[Stored items from a collection]
Start of Block
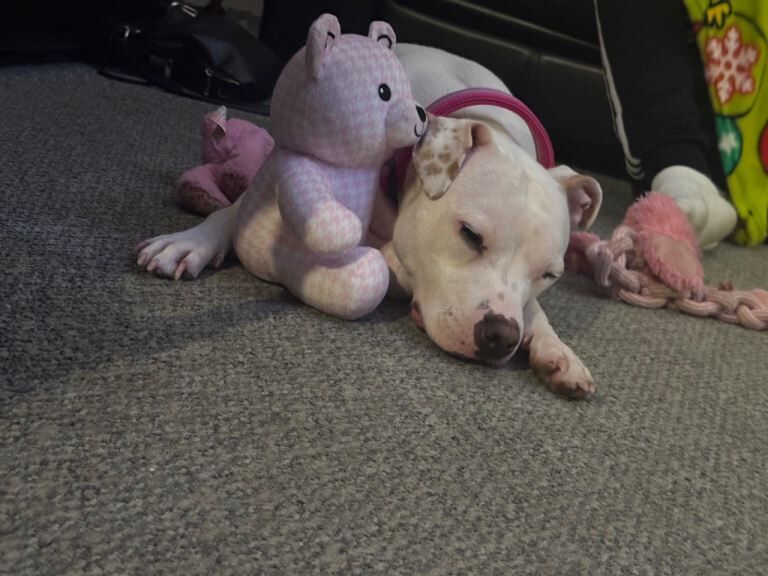Here we have snow a beautiful white Staffordshire bull terrier 18 months old fantastic around my daughters good with other dogs.She’s very playful and full of energy love is going on long walks but also enjoys to pull so will need a little training but fully house trained and she’s absolutely brilliant in a car while travelling and of course she comes with all her immunities toys bowls and bedding.
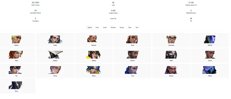 EU - LVL 68 - UNRANKED - 19 AGENTS -5 KNIVES -46 SKINS 31100 VP -Elderflame Vandal, Eternal Sovereign,Araxys Bulldog- FA
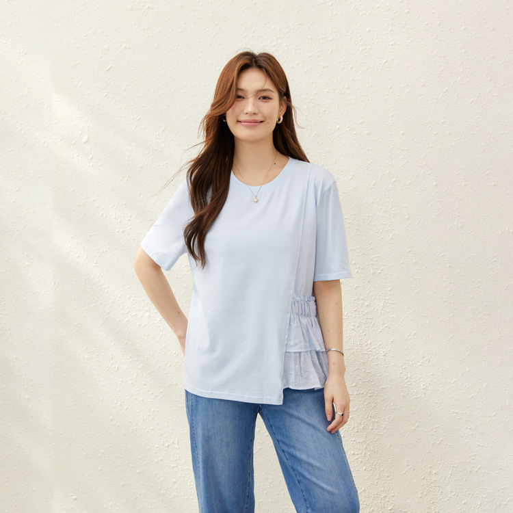 [T-Shirt Mudah Dipadu Padan Gaya Barat dengan Side Desain] Pakaian Wanita Berlemak Ukuran Besar Pakaian Musim Panas Model Baru
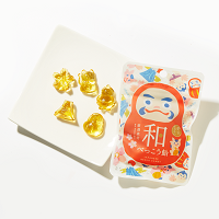 「招き猫」「だるま」「さくら」「相撲」「富士山」をかたどった、金色に輝く飴。見た目にも味にもこだわりがつまった「和べっこう飴」。
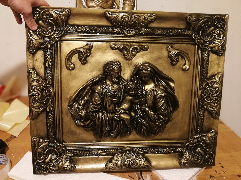 НОВИНКА!!! РЕЛЬЕФНЫЙ АРТЕФАКТ СВЯТОЕ СЕМЕЙСТВО, ЦВЕТ АНТИЧНОЕ ЗОЛОТО, ПАТИНА! РЕЛЬЕФ РУЧНАЯ РАСКРАСКА В СТАРОМ ВИДЕ. КРАСИВЫЙ БАЗЕРЕЛЬЕФ! РУЧНАЯ РАБОТА!!! .
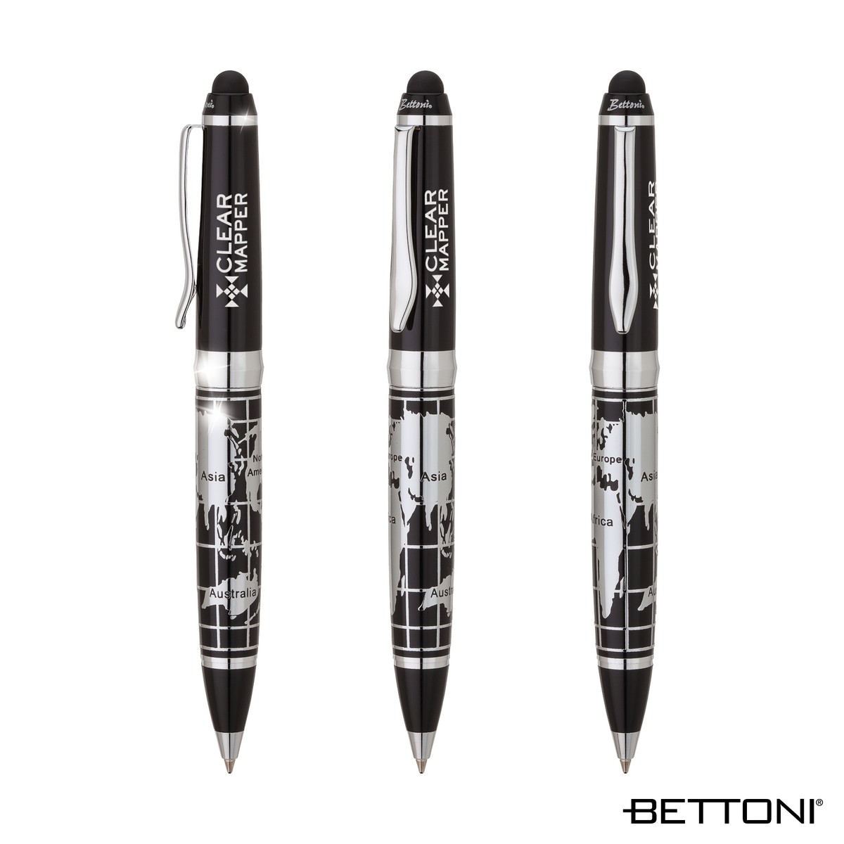Elegant heavyweight brass ballpoint with twist-action mechanism, a capacitive stylus, a chrome world map barrel, high gloss lacquer finish and chrome trim. Complies with Prop 65. 11/16" W x 5 11/16" H x 9/16" D
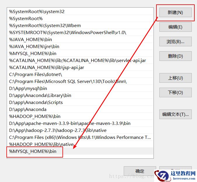 需要在变量值最后面添加 ;%MYSQL_HOME%\bin ( MYSQL_HOME%\bin前面带有英文状态下的分号)
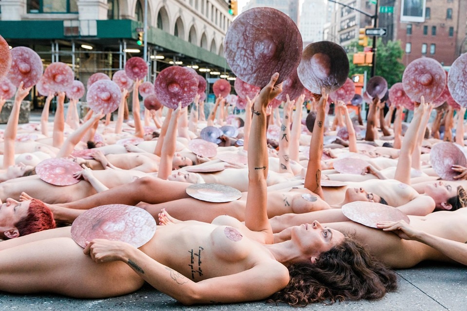 This time though, the work the american artist famous for his mass nude photo shoots (and for his issues with justice) has made headlines for, didn’t include any nudity: performers’ genitals were in fact covered with enlarged prints of male nipples with women wearing male nipples printed stickers inspired by artist Micol Hebron's #freethenipple movement, allowing the photographer to avoid both the limitations imposed by the company the protest action was targeted to. An open and ironic challenge to the algorithm that Zuckerberg & Co. have expressely engeneered in order to distinguish female from male nipples.
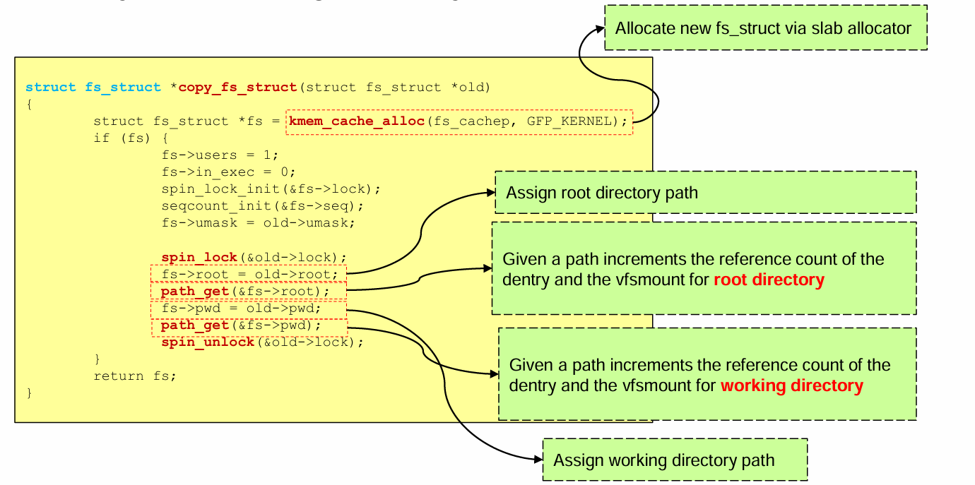 fs_struct 구조체를 생성한다.fs_struct 내용을 child의 것으로 복사한다.CLONE_FS flag를 사용하면 복사하지 않고, 구조체를 공유하며 reference count를 증가시킨다.sighand_struct
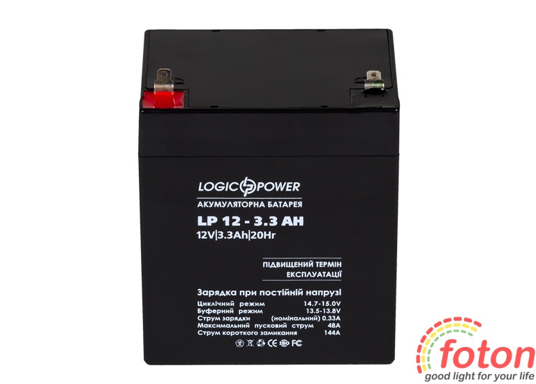 Акумулятор 12В 3,3Ач відноситься до останнього покоління батарей, має підвищену потужність, збільшений термін служби і не вимагає проведення мінімального технічного обслуговування. Перезаряджається, високоефективний, герметичний і не потребує обслуговування.
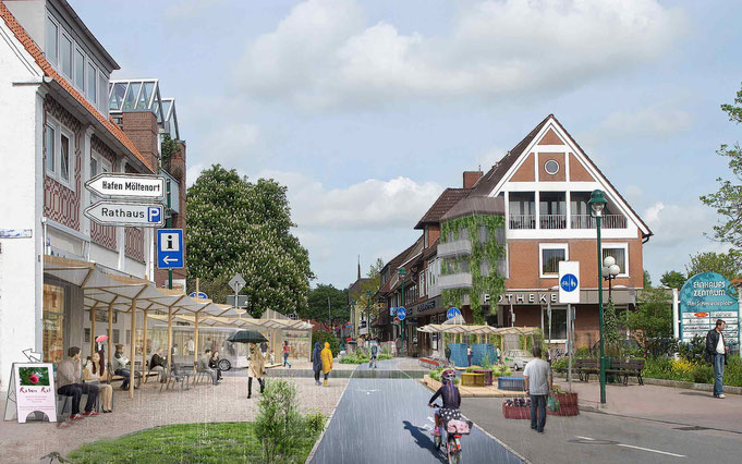 Blick in die Dorfstraße - ohne Autoverkehr. Eine Vision 2040. (Foto,Bearbeitung,Zeichnung uDa)
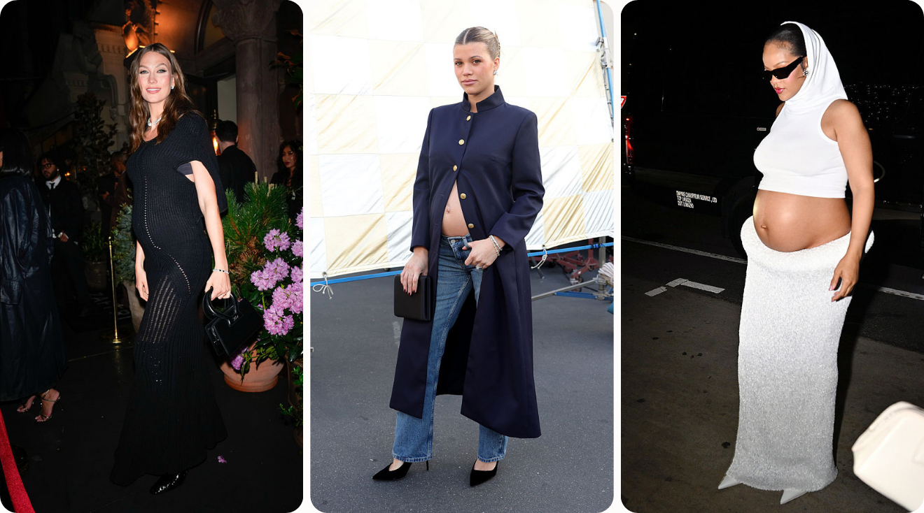 Rihanna’s revival of maternity fashion has rippled out to other stars like Sienna Miller, Sofia Richie Grainge and Hailey Bieber, who all pushed the envelope further in 2025. “Sienna Miller’s relaxed, boho-inspired silhouettes and soft tailoring brought back an elevated ease that feels effortless while still flattering a growing belly,” says Stitch Fix M.O.M (Milestones of Motherhood) stylist Amy Depler. “She styles herself like her bump is an accessory as she continues to step out in unique pieces.”
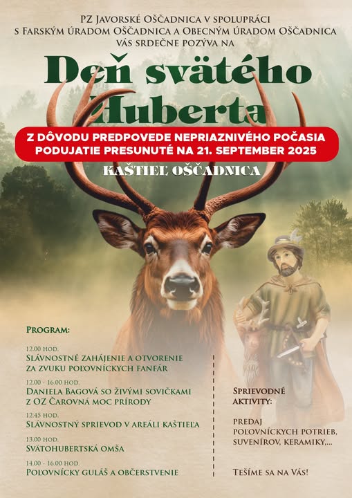Aktuality - Deň Sv. Huberta Kaštieľ Oščadnica - OZNAM
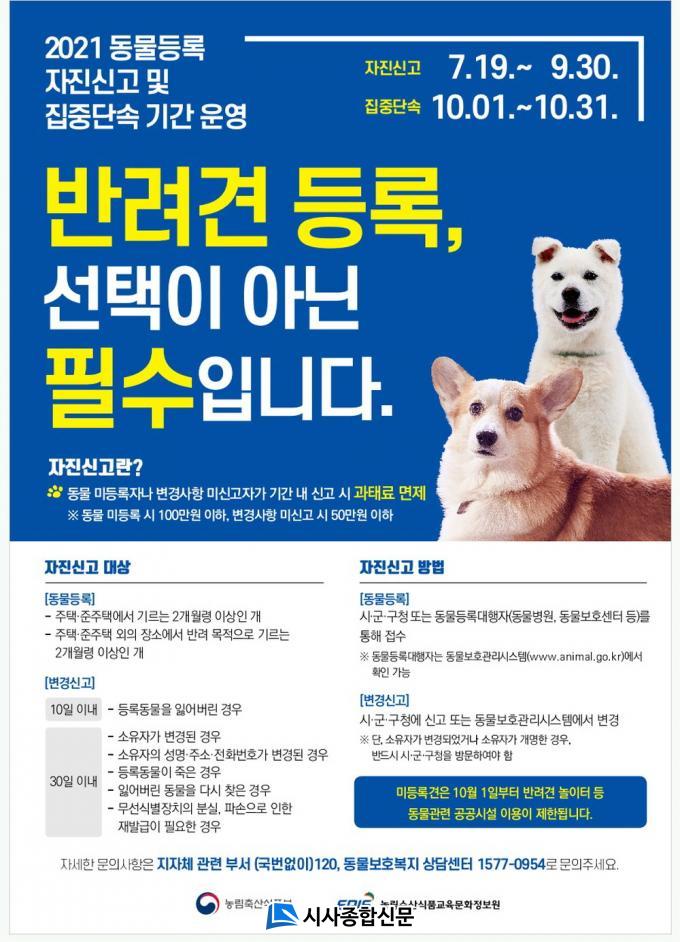 À̹ø ÀÚÁø½Å°í ±â°£ÀÌ ³¡³ª¸é ¿À´Â 10¿ùºÎÅÍ ÁýÁߴܼÓÀÌ ½Ç½ÃµÉ ¿¹Á¤À̸ç, µî·Ï´ë»ó µ¿¹°À» µî·ÏÇÏÁö ¾Ê°Å³ª µî·ÏµÈ Á¤º¸ Áß º¯°æµÈ »çÇ×À» ½Å°íÇÏÁö ¾ÊÀº °æ¿ì¿¡´Â 60¸¸¿ø ÀÌÇÏÀÇ °úÅ·ᰡ ºÎ°úµÈ´Ù.
End of Block
» EXERCISE
Repeat exactly the lines from the first line of the records above through the line containing "EU - LVL 68", leaving out the pictures.

» ANSWER TO THE EXERCISE
Here we have snow a beautiful white Staffordshire bull terrier 18 months old fantastic around my daughters good with other dogs.She’s very playful and full of energy love is going on long walks but also enjoys to pull so will need a little training but fully house trained and she’s absolutely brilliant in a car while travelling and of course she comes with all her immunities toys bowls and bedding.
 EU - LVL 68 - UNRANKED - 19 AGENTS -5 KNIVES -46 SKINS 31100 VP -Elderflame Vandal, Eternal Sovereign,Araxys Bulldog- FA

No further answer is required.